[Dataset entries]

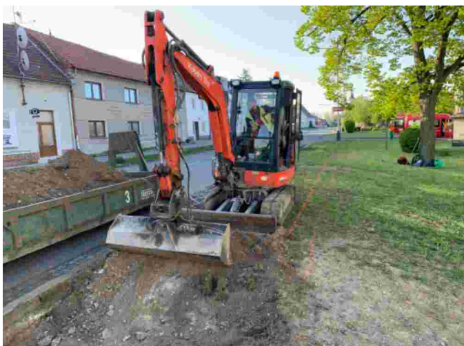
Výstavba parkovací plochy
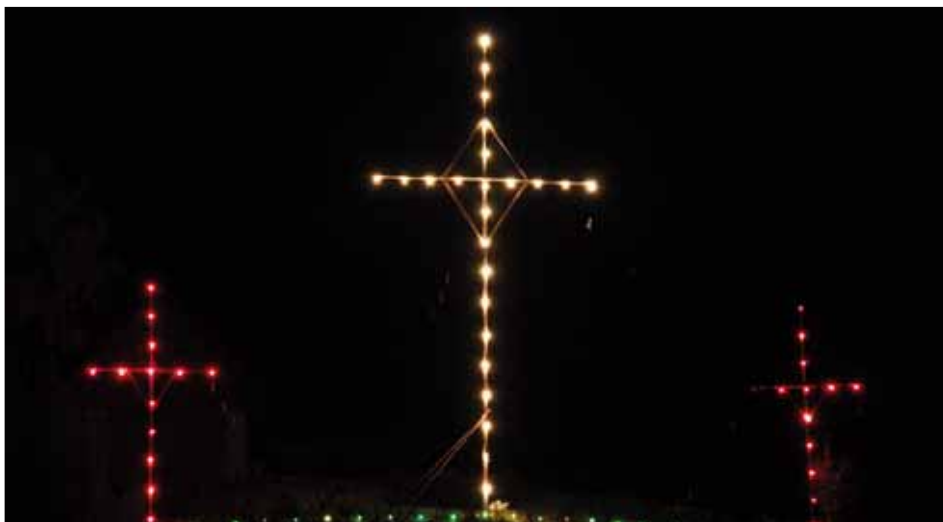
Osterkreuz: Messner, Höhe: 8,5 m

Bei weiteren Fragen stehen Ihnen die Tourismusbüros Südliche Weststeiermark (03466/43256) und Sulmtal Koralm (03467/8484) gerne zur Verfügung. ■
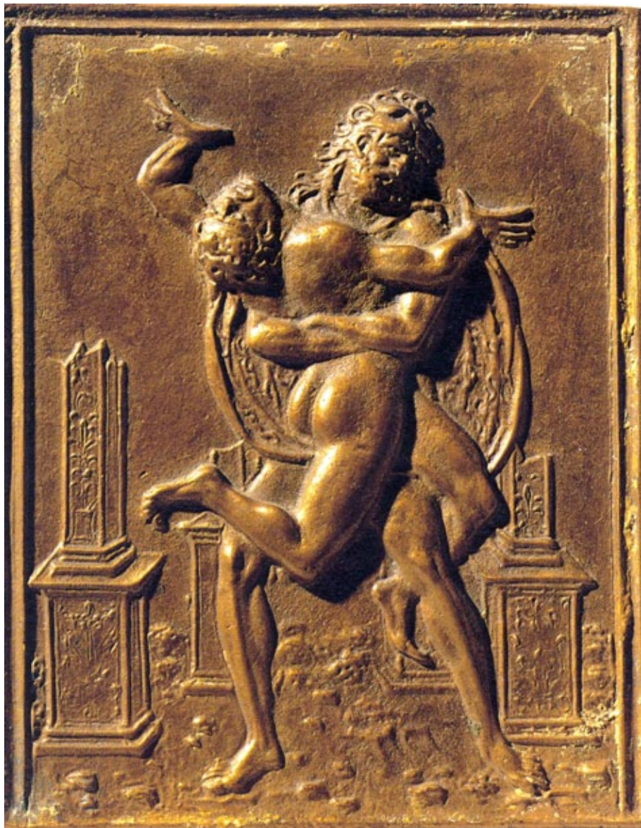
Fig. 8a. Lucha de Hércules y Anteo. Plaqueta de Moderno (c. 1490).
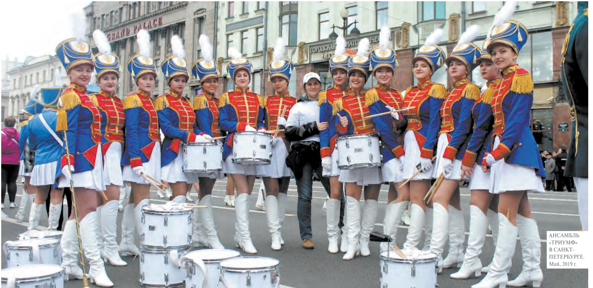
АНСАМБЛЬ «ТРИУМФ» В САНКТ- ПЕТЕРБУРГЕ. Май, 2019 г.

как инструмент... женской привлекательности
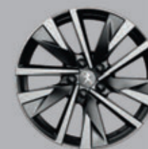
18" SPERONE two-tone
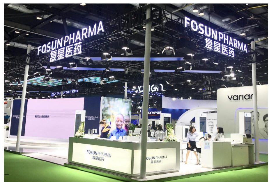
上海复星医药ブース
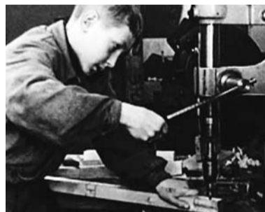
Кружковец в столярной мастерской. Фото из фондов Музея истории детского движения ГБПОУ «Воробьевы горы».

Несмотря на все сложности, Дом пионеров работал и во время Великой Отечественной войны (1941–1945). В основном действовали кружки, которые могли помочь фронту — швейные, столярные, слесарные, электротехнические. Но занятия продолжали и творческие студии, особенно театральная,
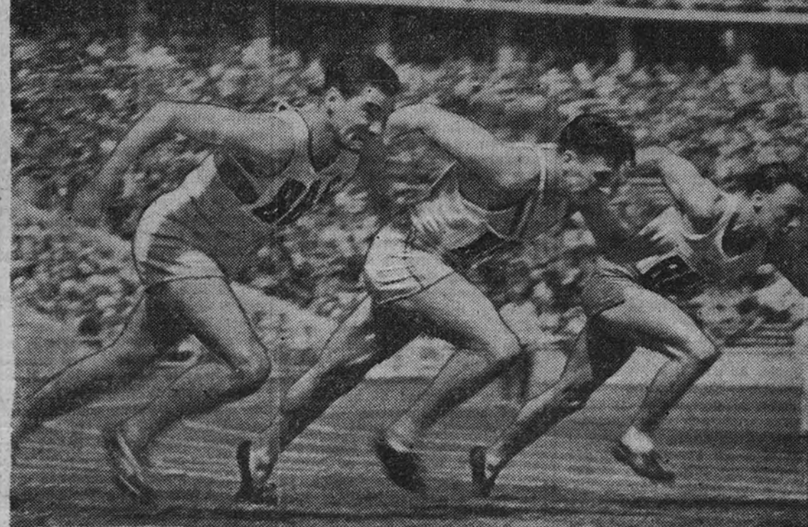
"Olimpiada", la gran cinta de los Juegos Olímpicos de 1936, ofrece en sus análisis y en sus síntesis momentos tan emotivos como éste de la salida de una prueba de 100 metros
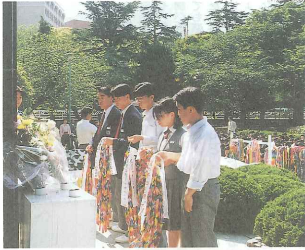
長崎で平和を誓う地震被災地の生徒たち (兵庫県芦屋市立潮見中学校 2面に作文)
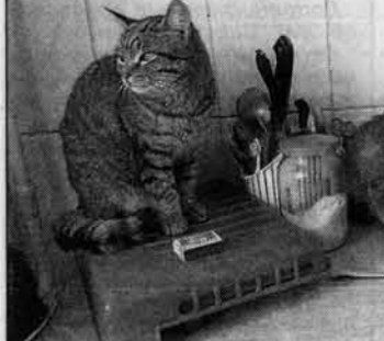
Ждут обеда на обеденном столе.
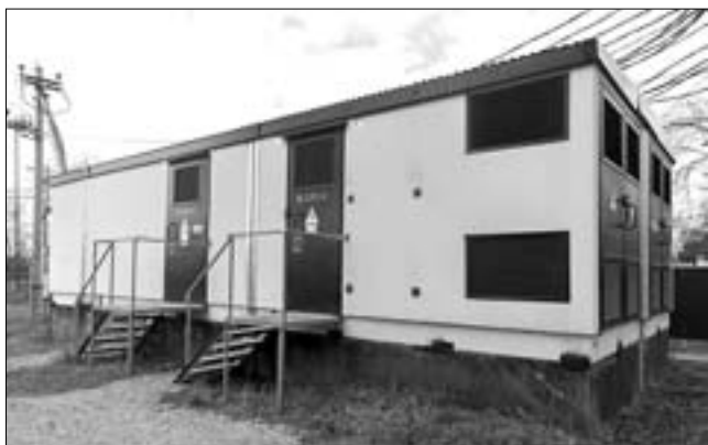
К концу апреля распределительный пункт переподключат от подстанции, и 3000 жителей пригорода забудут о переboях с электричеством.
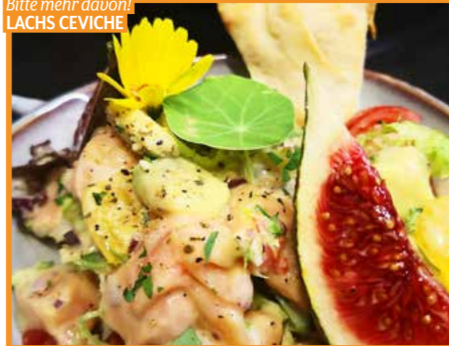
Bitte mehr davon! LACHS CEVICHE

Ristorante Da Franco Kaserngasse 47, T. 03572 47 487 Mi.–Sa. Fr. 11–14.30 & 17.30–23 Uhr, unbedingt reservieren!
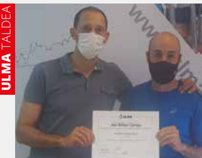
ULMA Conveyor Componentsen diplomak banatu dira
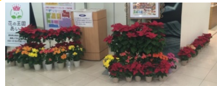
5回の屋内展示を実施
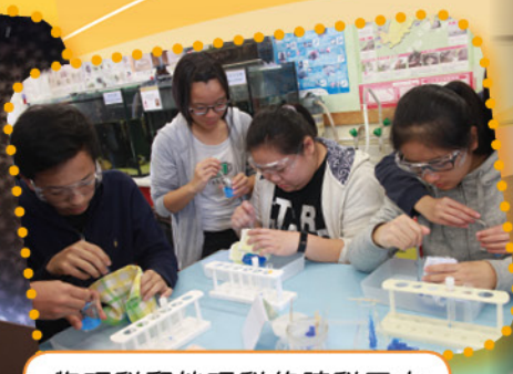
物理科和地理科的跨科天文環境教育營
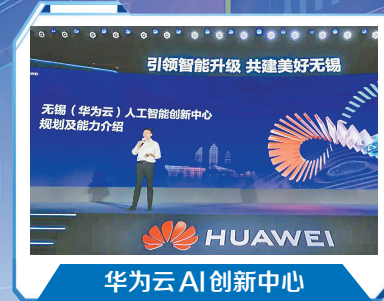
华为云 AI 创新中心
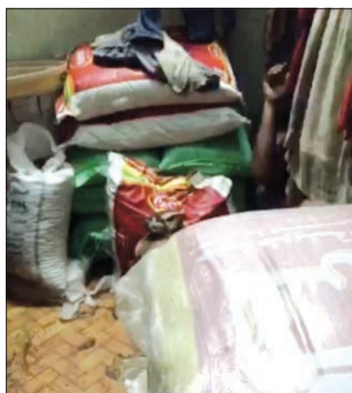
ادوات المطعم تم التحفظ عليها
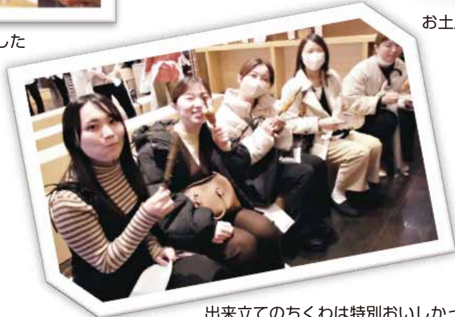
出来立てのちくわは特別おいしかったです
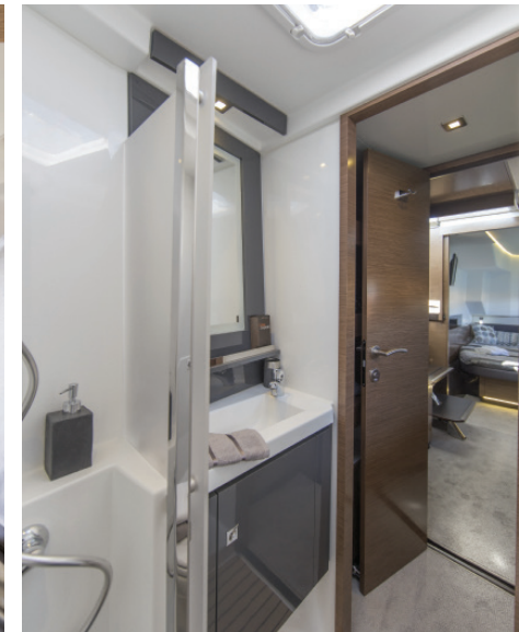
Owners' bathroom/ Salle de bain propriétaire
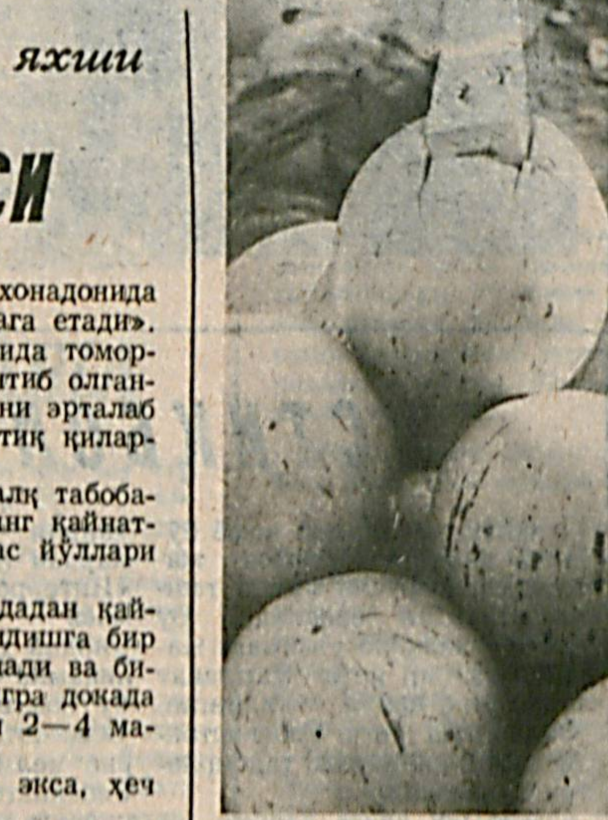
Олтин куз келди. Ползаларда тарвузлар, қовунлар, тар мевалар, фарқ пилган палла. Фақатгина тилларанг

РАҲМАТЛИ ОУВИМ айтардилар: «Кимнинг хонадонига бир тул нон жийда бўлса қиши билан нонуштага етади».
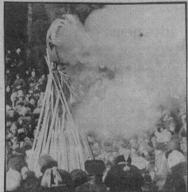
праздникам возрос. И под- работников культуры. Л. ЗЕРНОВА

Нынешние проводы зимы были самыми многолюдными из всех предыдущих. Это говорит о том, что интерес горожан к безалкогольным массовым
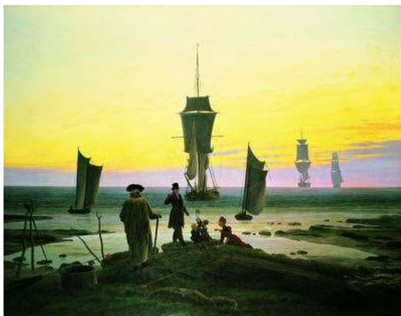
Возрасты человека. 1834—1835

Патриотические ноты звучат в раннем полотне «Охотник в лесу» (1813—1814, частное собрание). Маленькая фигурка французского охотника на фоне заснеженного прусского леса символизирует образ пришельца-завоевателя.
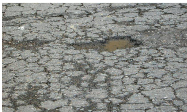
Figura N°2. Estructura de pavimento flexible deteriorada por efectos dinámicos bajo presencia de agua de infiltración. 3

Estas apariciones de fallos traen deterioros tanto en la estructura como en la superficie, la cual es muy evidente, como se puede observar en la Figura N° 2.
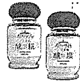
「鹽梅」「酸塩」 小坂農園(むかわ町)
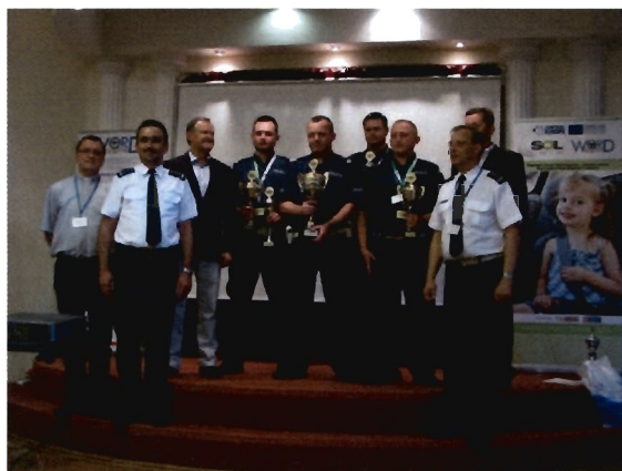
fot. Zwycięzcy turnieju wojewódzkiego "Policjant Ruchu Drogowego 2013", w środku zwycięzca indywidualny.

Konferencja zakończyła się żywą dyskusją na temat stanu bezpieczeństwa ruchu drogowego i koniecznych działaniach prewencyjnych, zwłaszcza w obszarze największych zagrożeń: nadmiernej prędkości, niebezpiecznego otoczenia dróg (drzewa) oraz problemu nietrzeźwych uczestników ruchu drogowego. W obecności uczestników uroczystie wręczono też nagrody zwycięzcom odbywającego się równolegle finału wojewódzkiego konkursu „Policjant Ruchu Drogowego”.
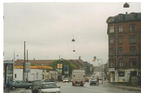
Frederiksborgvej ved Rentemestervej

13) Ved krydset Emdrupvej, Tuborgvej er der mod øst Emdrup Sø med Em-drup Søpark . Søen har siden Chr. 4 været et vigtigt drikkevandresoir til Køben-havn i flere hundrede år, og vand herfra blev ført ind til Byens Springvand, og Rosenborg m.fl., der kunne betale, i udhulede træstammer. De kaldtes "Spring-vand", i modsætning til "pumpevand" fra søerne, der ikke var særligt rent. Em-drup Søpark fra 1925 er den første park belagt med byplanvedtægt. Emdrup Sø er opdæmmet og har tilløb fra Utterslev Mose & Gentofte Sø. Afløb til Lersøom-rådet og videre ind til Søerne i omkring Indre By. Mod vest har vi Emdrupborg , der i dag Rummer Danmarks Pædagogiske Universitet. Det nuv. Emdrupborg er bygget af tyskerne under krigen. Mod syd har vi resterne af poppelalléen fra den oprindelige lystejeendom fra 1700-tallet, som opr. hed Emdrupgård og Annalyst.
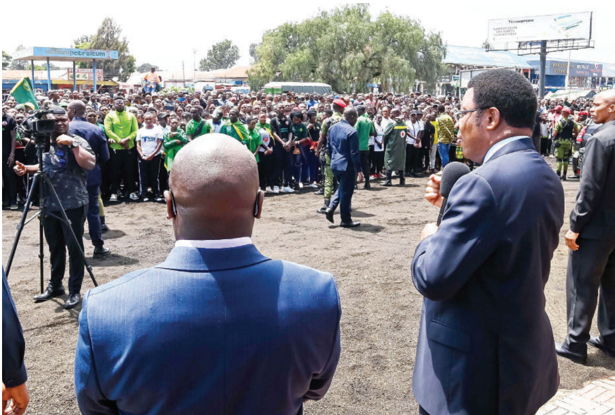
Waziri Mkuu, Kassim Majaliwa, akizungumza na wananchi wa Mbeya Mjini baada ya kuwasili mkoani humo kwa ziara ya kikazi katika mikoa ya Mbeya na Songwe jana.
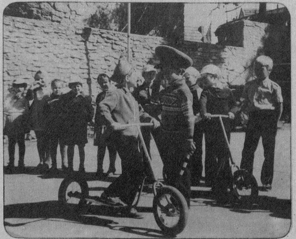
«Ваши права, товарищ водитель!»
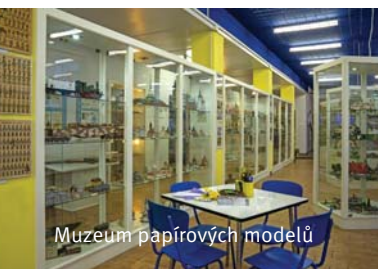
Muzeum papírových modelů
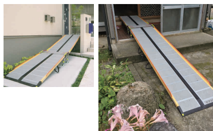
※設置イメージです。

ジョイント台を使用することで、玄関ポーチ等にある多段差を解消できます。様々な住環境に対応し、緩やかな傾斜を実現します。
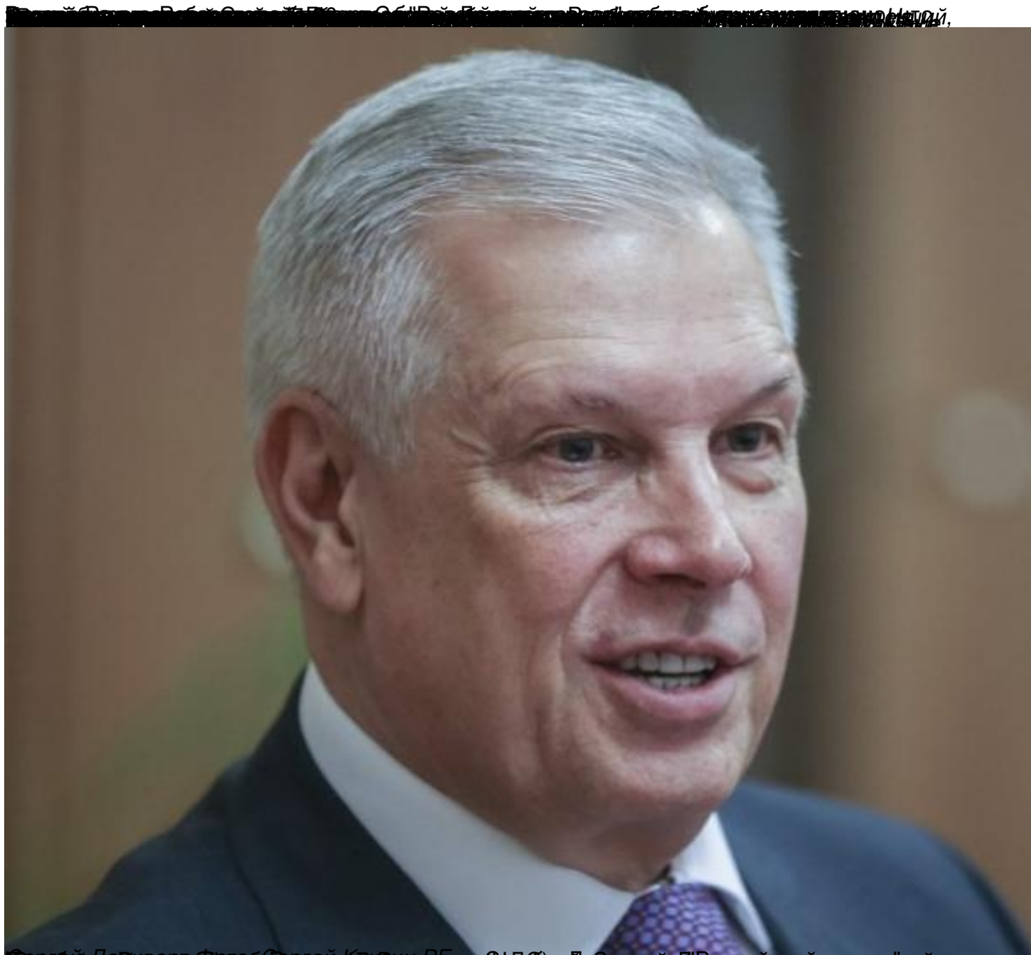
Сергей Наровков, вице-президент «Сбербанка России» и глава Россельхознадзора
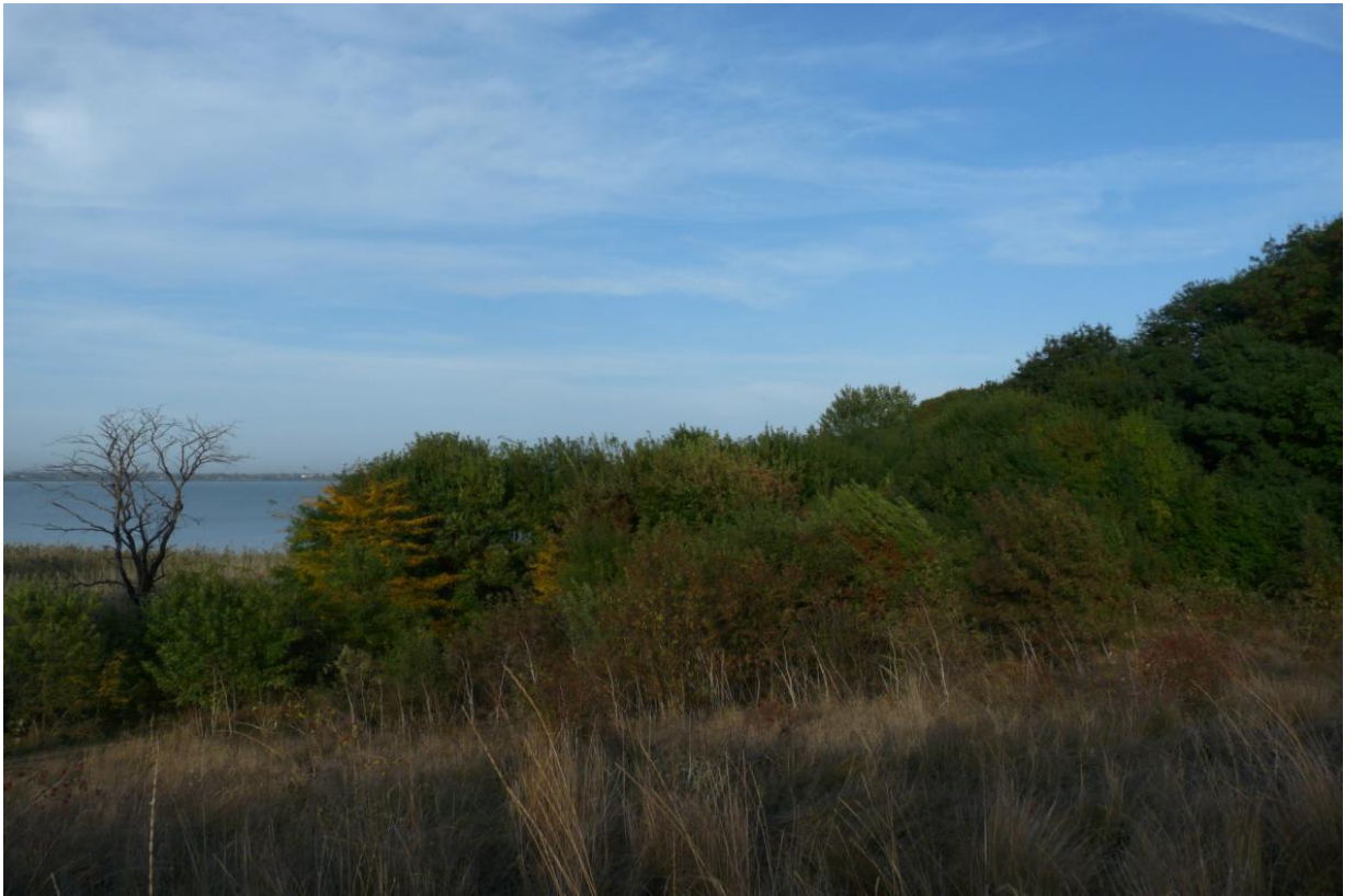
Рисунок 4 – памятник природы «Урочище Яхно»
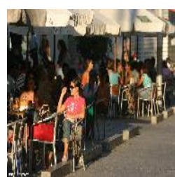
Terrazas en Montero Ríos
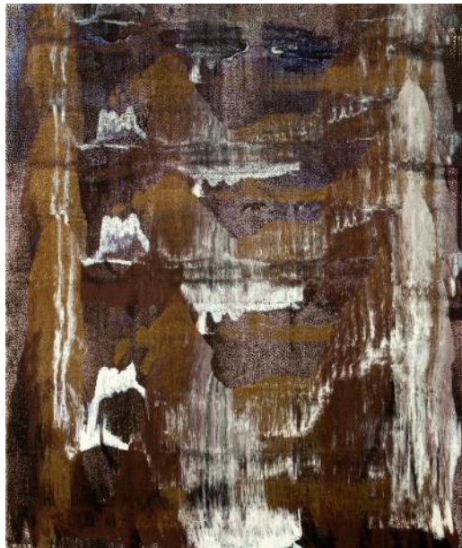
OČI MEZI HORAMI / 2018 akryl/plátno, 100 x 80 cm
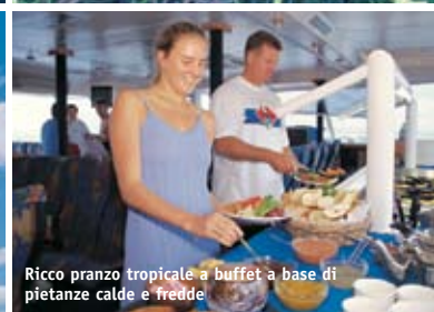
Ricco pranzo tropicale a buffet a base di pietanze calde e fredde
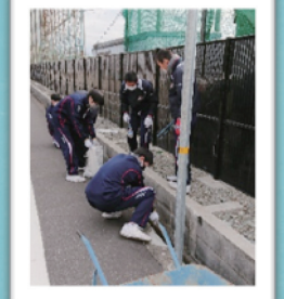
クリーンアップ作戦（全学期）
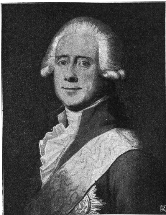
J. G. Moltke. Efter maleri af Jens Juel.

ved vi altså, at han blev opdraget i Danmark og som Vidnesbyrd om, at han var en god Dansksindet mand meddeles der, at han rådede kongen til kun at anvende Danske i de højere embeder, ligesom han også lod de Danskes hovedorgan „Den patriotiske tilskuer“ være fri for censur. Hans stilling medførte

- **Exercise requirements**:
A word-for-word reproduction is needed of the lines above from the line containing "ULMA Conveyor Componentsen" through the line containing "Konferencja zakończyła się", with both ends kept and no pictures.

- **Answer to this exercise**:
ULMA Conveyor Componentsen diplomak banatu dira
5回の屋内展示を実施
物理科和地理科的跨科天文環境教育營
华为云 AI 创新中心
ادوات المطعم تم التحفظ عليها
出来立てのちくわは特別おいしかったです
Owners' bathroom/ Salle de bain propriétaire
Олтин куз келди. Ползаларда тарвузлар, қовунлар, тар мевалар, фарқ пилган палла. Фақатгина тилларанг

РАҲМАТЛИ ОУВИМ айтардилар: «Кимнинг хонадонига бир тул нон жийда бўлса қиши билан нонуштага етади».
праздникам возрос. И под- работников культуры. Л. ЗЕРНОВА

Нынешние проводы зимы были самыми многолюдными из всех предыдущих. Это говорит о том, что интерес горожан к безалкогольным массовым
Возрасты человека. 1834—1835

Патриотические ноты звучат в раннем полотне «Охотник в лесу» (1813—1814, частное собрание). Маленькая фигурка французского охотника на фоне заснеженного прусского леса символизирует образ пришельца-завоевателя.
Figura N°2. Estructura de pavimento flexible deteriorada por efectos dinámicos bajo presencia de agua de infiltración. 3

Estas apariciones de fallos traen deterioros tanto en la estructura como en la superficie, la cual es muy evidente, como se puede observar en la Figura N° 2.
「鹽梅」「酸塩」 小坂農園(むかわ町)
fot. Zwycięzcy turnieju wojewódzkiego "Policjant Ruchu Drogowego 2013", w środku zwycięzca indywidualny.

Konferencja zakończyła się żywą dyskusją na temat stanu bezpieczeństwa ruchu drogowego i koniecznych działaniach prewencyjnych, zwłaszcza w obszarze największych zagrożeń: nadmiernej prędkości, niebezpiecznego otoczenia dróg (drzewa) oraz problemu nietrzeźwych uczestników ruchu drogowego. W obecności uczestników uroczystie wręczono też nagrody zwycięzcom odbywającego się równolegle finału wojewódzkiego konkursu „Policjant Ruchu Drogowego”.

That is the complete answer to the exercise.